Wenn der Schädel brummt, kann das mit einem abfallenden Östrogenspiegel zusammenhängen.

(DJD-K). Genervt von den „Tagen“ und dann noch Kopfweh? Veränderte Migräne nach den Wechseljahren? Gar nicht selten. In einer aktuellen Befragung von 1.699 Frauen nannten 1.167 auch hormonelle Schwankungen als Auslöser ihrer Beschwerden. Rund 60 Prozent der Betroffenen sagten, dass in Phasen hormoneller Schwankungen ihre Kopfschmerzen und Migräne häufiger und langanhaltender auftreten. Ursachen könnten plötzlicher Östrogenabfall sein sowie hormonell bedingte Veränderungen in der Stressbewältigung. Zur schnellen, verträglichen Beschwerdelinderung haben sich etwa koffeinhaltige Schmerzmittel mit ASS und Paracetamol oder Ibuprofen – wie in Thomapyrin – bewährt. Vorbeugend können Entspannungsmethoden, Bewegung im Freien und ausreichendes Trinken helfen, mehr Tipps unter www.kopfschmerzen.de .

====

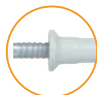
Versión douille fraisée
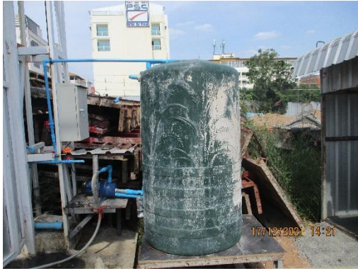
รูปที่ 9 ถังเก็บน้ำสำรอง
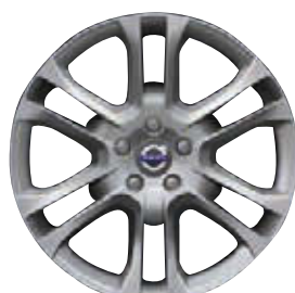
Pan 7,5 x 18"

====

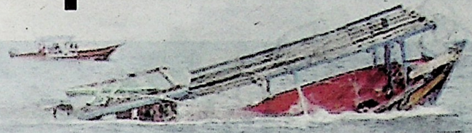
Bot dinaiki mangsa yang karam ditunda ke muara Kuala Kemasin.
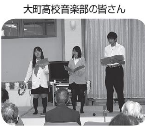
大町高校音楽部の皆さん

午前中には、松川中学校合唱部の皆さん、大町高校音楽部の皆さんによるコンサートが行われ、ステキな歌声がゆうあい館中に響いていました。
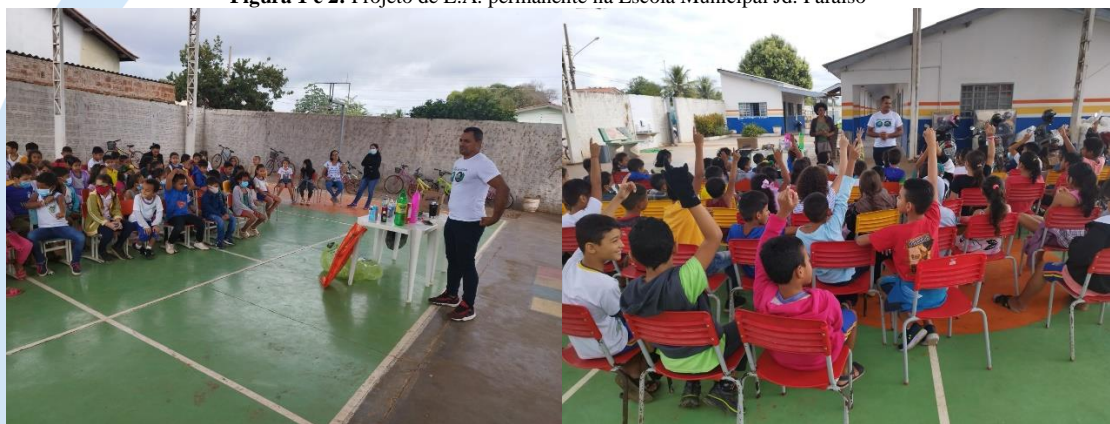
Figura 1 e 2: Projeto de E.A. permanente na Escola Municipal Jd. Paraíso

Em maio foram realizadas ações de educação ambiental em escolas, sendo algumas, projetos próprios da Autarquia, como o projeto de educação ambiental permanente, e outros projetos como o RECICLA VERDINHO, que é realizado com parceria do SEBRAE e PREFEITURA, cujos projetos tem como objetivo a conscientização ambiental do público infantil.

====

■ **Required work**
Count of lines with "permanente": please work it out for the entries above and give the number by itself.

■ **Solution to this task**
2